Much has been written about carbonate reservoir complexities, heterogeneity, and data integration at different scales. However, there are not many published examples that show a comparison of producibility modeling predictions and actual field results that include data from core, advanced openhole well logs, formation testers, and drillstem tests.
In this study, we present the integration of data and measurements from advanced technologies to evaluate reservoir heterogeneity of carbonate formations on multiple scales. Quantitative textural analyses based on a comprehensive suite of petrophysical logging measurements were integrated with core data and formation testing data to characterize hydrocarbon/water transition zones and formation permeability and producibility. The offshore carbonate reservoir studied is composed of limestones and dolomites. Despite the inherent chemical complexities and hidden modes of origin, dolomites often exhibit favorable reservoir quality with high porosity and permeability properties. For this reason, E&P companies continue to predict where drilling targets are most likely to encounter these sweet spots.

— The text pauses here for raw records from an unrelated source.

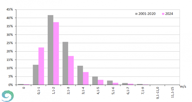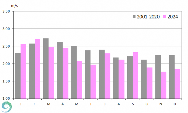 A szélsebesség évi átlaga hazánk területén többnyire 1,5 és 3,5 m/s között változott, az országos átlag 2001-2020 között 2,6 m/s volt, míg 2024-ban 2,4 m/s-nak adódott. A legmagasabb évi átlagok a Dunántúl északi részén és a Tiszántúlon voltak jellemzőek, ahol nagyobb összefüggő területen a szélsebesség elérte a 3 m/s-ot. A Dunántúli-középhegység magasabban fekvő csúcsai esetén előfordultak 4 m/s-ot meghaladó értékek is. A szélsebesség átlagos éves menetét jól mutatják a szürke oszlopok a 14. ábrán. Január elejétől márciusig növekszik az országos átlag, majd augusztusig csökken, és újra növekedni kezd egészen az év végéig. 2024-ben az országos szélsebességek havi átlagai januárban, februárban és szeptemberben haladták meg a sokévi átlagot. Márciustól egészen augusztusig és októbertől az év végéig a havi szélsebesség értékek elmaradtak az átlagtól, a legnagyobb eltérés május, június majd november, december hónapokban volt jellemző. A legalacsonyabb átlagos szélsebesség novemberben volt (~1,77 m/s), amit a december (~1,84 m/s) és a június (~1,89 m/s) követett. A legjelentősebb pozitív eltérés januárban adódott, míg a legszelesebb hónap a február volt (>2,7 m/s).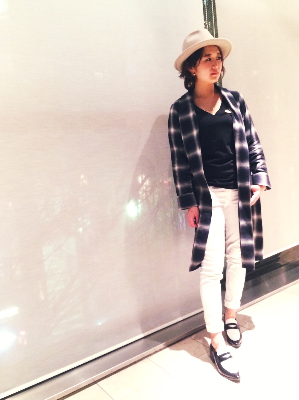 【本日のスタッフ】 今日のポイントはチェック柄のローブ! 存在感のあるアイテムなので中はシンプルに。 imaii staff stylist YUKI KOBAYASHI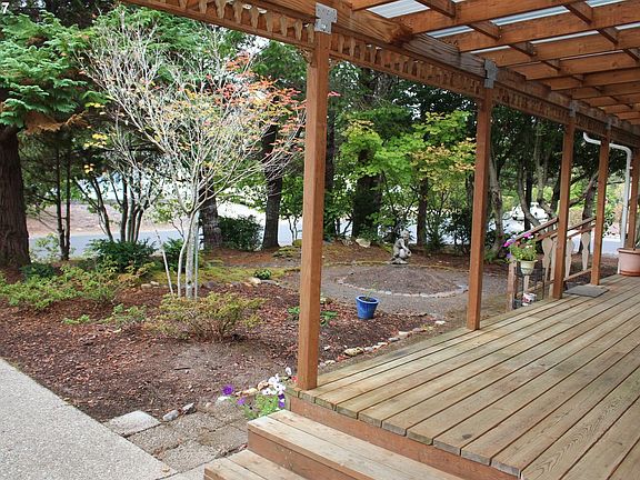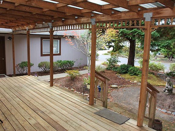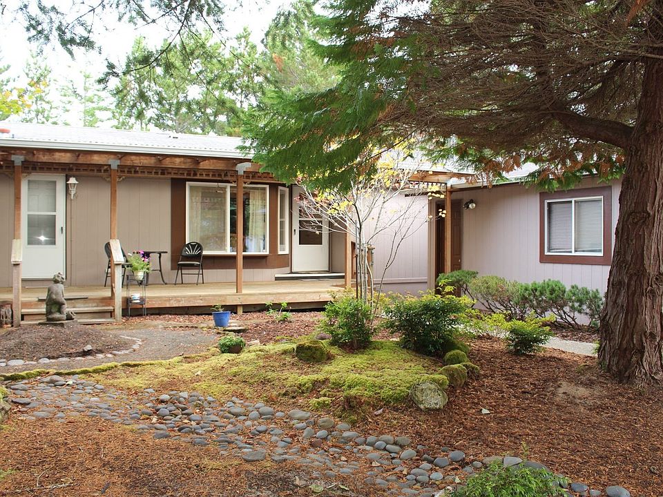 Fuqua manufactured home on a large beautiful private corner lot. Large covered front porch to enjoy the park-like setting. Open living & sitting are w/vaulted ceilings. Kitchen area facing SW for light. Nook area. Lots of cabinets & desk area, eating bar. Master suite w/jetted tub installed 2017 w/surround (finish work to be completed before close. Guest rooms on opposite end for privacy. Double garage w/work bench.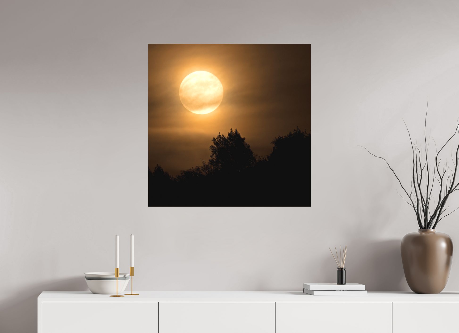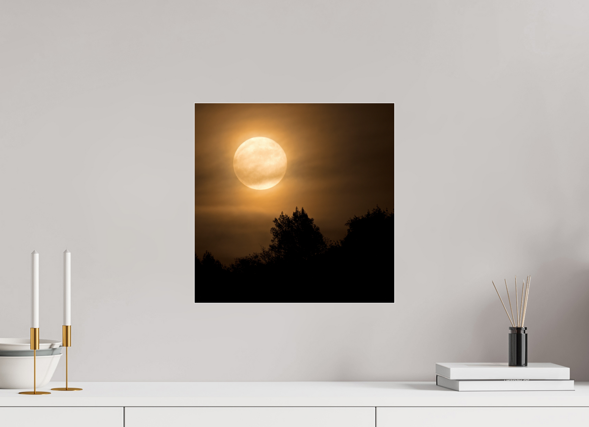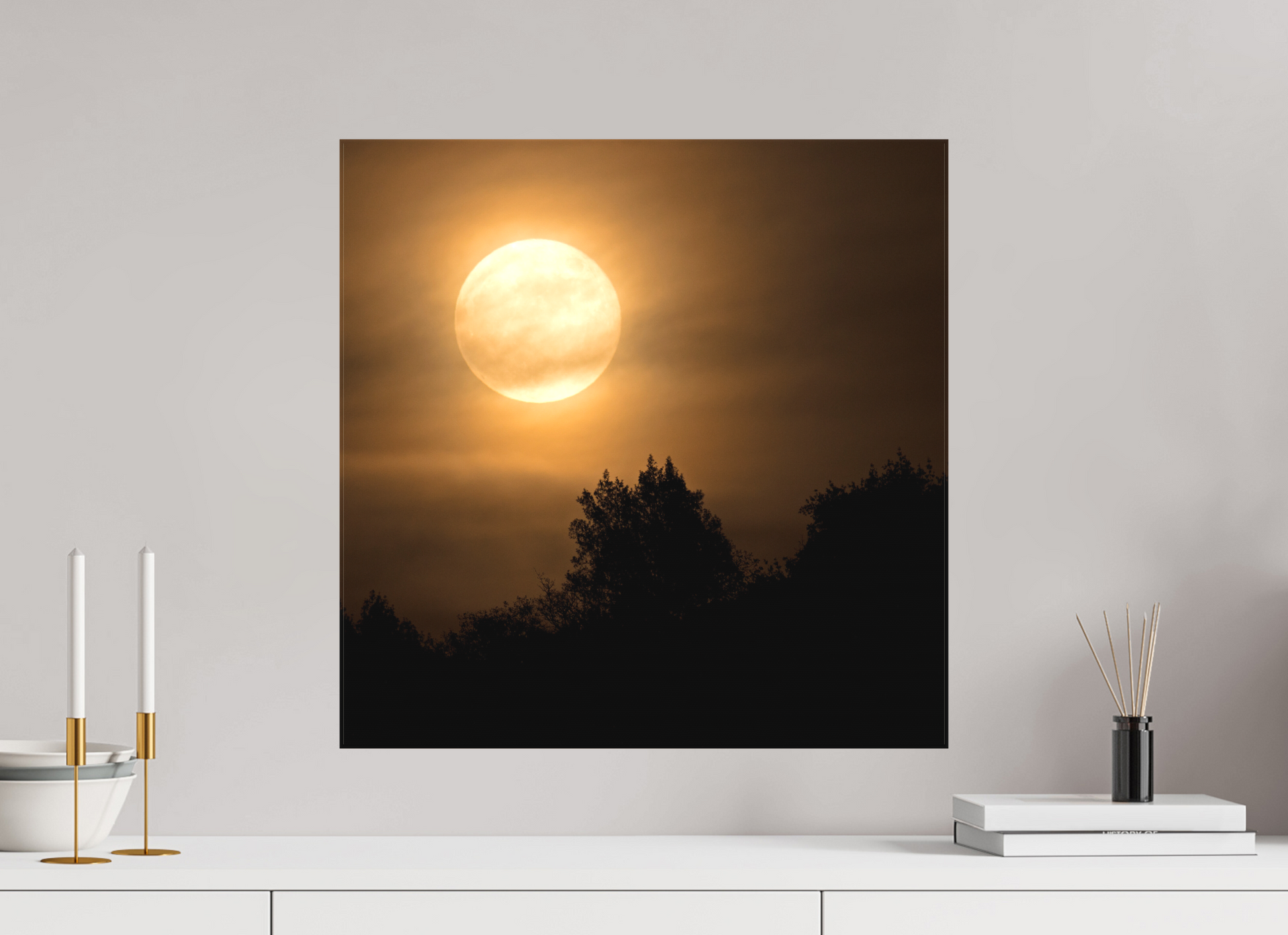 Printed on glossy metal, this image takes on an almost three-dimensional quality — the moon’s glow deepens, the shadows grow richer, and the scene feels alive with atmosphere.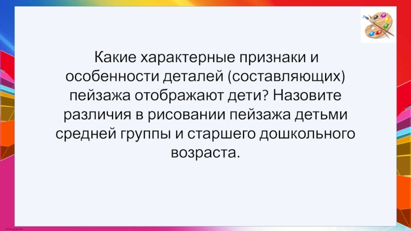 Слайд 29 Какие характерные признаки и особенности деталей (составляющих) пейзажа отображают дети?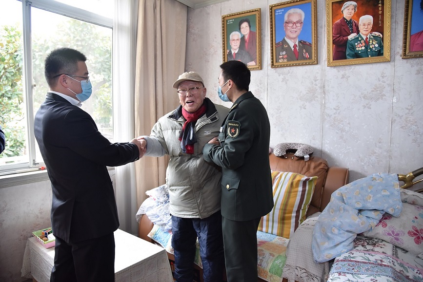 随后,大家来到参加过解放战争和抗美援朝的离休老干部宋茂华家中,以及参加过济南、淮海、渡江、解放上海等战役战斗,并参加过抗美援朝、荣立多项战功的离休老干部黄耀家中。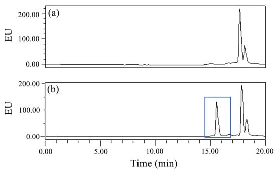 Chromatograms for (a) samples derived from the control sample and (b) 0.1 mg/L standard solution of GLUF-P.

Traditional permeability correlations are not effective in these systems, leading to overdependence on porosity-based reservoir descriptions to predict fluid flow. Using nonparametric regression, we have established a relationship between permeability and porosity from logs that are available fieldwide. Subsequent integration of this data with interval pressure transient test data in zones selected based on the observed rock heterogeneity enables further optimization of the final permeability correlation. The descriptions of the field examples confirm the success of this integrated approach and include the planning, real-time monitoring, and final validation of permeability and anisotropy at different scale during the exploration phase of a field.
Selecting the well locations for development using the proposed approach has proved valuable for improving field development practices. The results have led to enhanced reservoir characterization based on flow (permeability) and storage-capacity analyses (porosity partitioning), and a better understanding of the reservoir heterogeneity at different scales; the results have been used to improve drillstem test designs and reservoir production strategies.